## To do
Take the material below and output exactly the run of lines from the one containing "Inwestycja w trakcie budowy" down to the one containing "W powiecie, na", with both included.

## Raw data

= = =

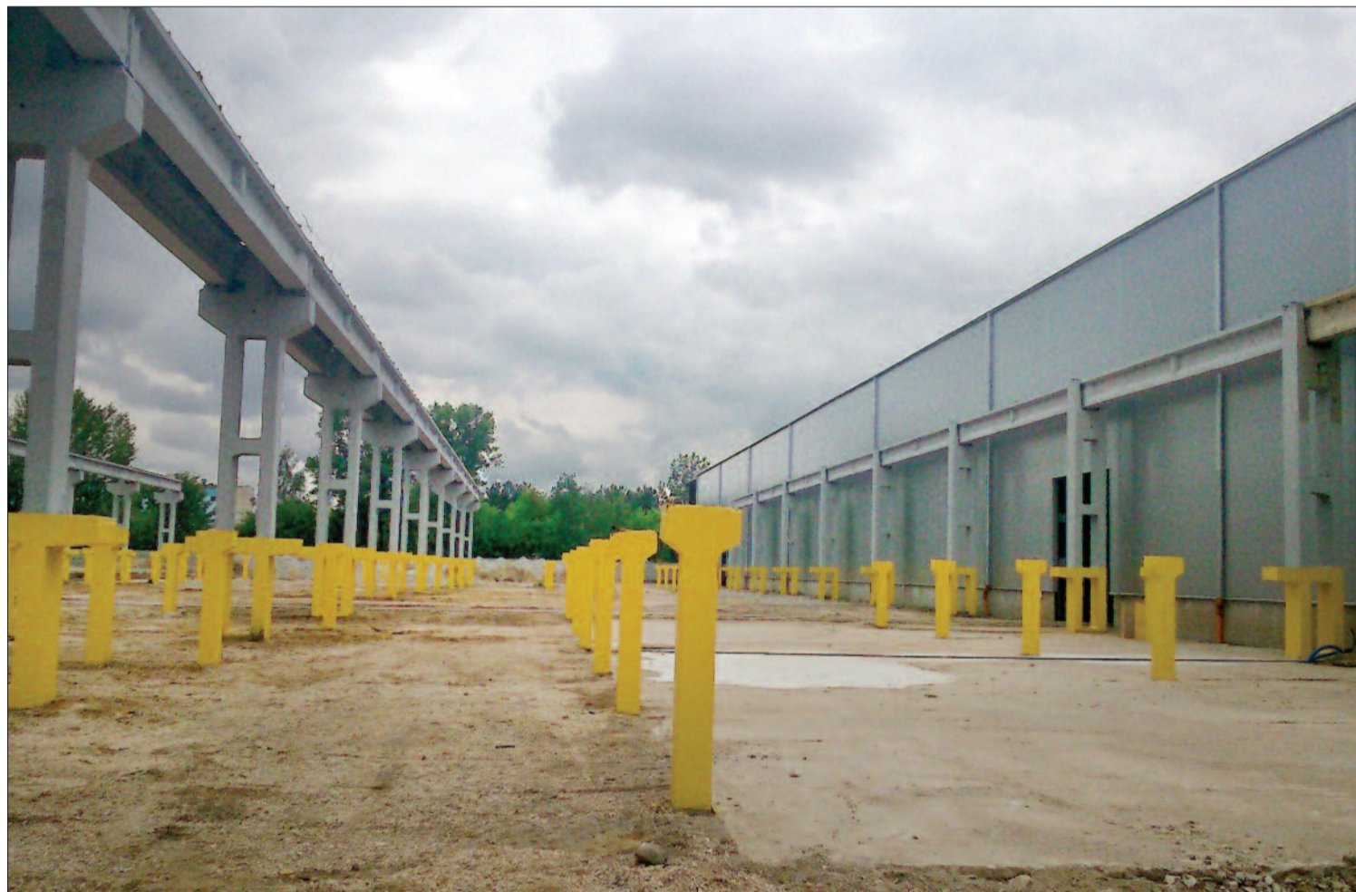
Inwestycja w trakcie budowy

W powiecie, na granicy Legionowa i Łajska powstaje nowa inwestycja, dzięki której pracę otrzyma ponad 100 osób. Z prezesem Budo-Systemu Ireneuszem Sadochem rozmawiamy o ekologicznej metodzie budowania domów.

= = =

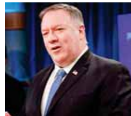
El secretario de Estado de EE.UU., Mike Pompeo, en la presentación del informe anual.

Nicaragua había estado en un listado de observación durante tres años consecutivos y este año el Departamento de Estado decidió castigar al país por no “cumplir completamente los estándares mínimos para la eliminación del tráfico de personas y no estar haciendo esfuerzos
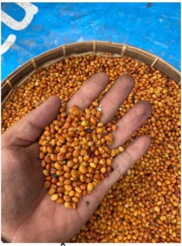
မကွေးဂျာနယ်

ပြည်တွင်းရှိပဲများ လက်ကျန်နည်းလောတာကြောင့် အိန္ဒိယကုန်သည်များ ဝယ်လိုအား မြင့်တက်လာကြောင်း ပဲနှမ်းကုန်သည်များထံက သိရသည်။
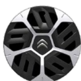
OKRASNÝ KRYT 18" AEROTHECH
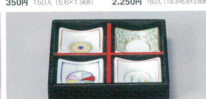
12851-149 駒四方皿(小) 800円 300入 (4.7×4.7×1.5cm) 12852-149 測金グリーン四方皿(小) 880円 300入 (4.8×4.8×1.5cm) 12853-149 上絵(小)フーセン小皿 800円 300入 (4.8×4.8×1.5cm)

= = =

## Your response
Inwestycja w trakcie budowy

W powiecie, na granicy Legionowa i Łajska powstaje nowa inwestycja, dzięki której pracę otrzyma ponad 100 osób. Z prezesem Budo-Systemu Ireneuszem Sadochem rozmawiamy o ekologicznej metodzie budowania domów.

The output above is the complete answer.